Plastocyanin was the first of the blue copper proteins to be characterised by X-ray crystallography. It features an eight-stranded antiparallel β-barrel containing one copper center.

Structures of the protein from poplar, algae, parsley, spinach, and French bean plants have been characterized crystallographically. In all cases, the binding site is generally conserved. Bound to the copper center are four ligands: the imidazole groups of two histidine residues (His37 and His87), the thiolate of Cys84, and the thioether of Met92. The geometry of the copper binding site is described as a ‘distorted tetrahedral’. The Cu-S (Cys) contact is much shorter (207 picometers) than Cu-S (Met) (282 pm) bond. The elongated Cu-thioether bond appears to destabilise the Cu^{II} state, thereby enhancing its oxidizing power. The blue colour (597 nm peak absorption) is assigned to a charge transfer transition from S_{pπ} to Cudx^{2}-y^{2}.

In the reduced form of plastocyanin, His-87 becomes protonated.

While the molecular surface of the protein near the copper binding site varies slightly, all plastocyanins have a hydrophobic surface surrounding the exposed histidine of the copper binding site. In plant plastocyanins, acidic residues are located on either side of the highly conserved tyrosine-83. Algal plastocyanins, and those from vascular plants in the family Apiaceae, contain similar acidic residues, but are shaped differently from those of plant plastocyanins – they lack residues 57 and 58. In cyanobacteria, the distribution of charged residues on the surface is different from eukaryotic plastocyanins, and variations among different bacterial species is large.
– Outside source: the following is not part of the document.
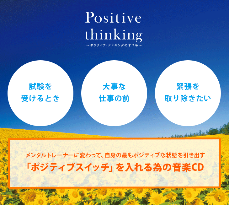 そこで、脳によい刺激を与えると考えられる音楽の力を応用して、脳に記憶された「自分自身の成功体験」や「自分らしさ」などのイメージを自在に引き出すためのメンタル・トレーニングCDを企画しました。

Many cyanobacterial plastocyanins have 107 amino acids. Although the acidic patches are not conserved in bacteria, the hydrophobic patch is always present. These hydrophobic and acidic patches are believed to be the recognition/binding sites for the other proteins involved in electron transfer.

==Reactions==
Plastocyanin (Cu^{2+}Pc) is reduced (an electron is added) by cytochrome f according to the following reaction:

Cu^{2+}Pc + e^{−} → Cu^{+}Pc

After dissociation, Cu^{+}Pc diffuses through the lumen space until recognition/binding occurs with P700^{+}, at which point P700^{+} oxidizes Cu^{+}Pc according to the following reaction:

Cu^{+}Pc → Cu^{2+}Pc + e^{−}

The redox potential is about 370 mV and the isoelectric pH is about 4.

== Entatic state ==
A catalyst's function is to increase the speed of the electron transfer (redox) reaction. Plastocyanin is believed to work less like an enzyme where enzymes decrease the transition energy needed to transfer the electron. Plastocyanin works more on the principles of entatic states where it increases the energy of the reactants, decreasing the amount of energy needed for the redox reaction to occur. Another way to rephrase the function of plastocyanin is that it can facilitate the electron transfer reaction by providing a small reorganization energy, which has been measured to about 16-28 kcal/mol.

== In the ocean ==
Usually, plastocyanin can be found in organisms that contain chlorophyll b and cyanobacteria, as well as algae that contain chlorophyll c. Plastocyanin has also been found in the diatom, Thalassiosira oceanica, which can be found in oceanic environments. It was surprising to find these organisms containing the protein plastocyanin because the concentration of copper dissolved in the ocean is usually low (between 0.4 – 50 nM). However, the concentration of copper in the oceans is comparatively higher compared to the concentrations of other metals such as zinc and iron. Other organisms that live in the ocean, such as other phytoplankton species, have adapted to where they do not need as high of concentrations of these low concentration metals (Fe and Zn) to facilitate photosynthesis and grow.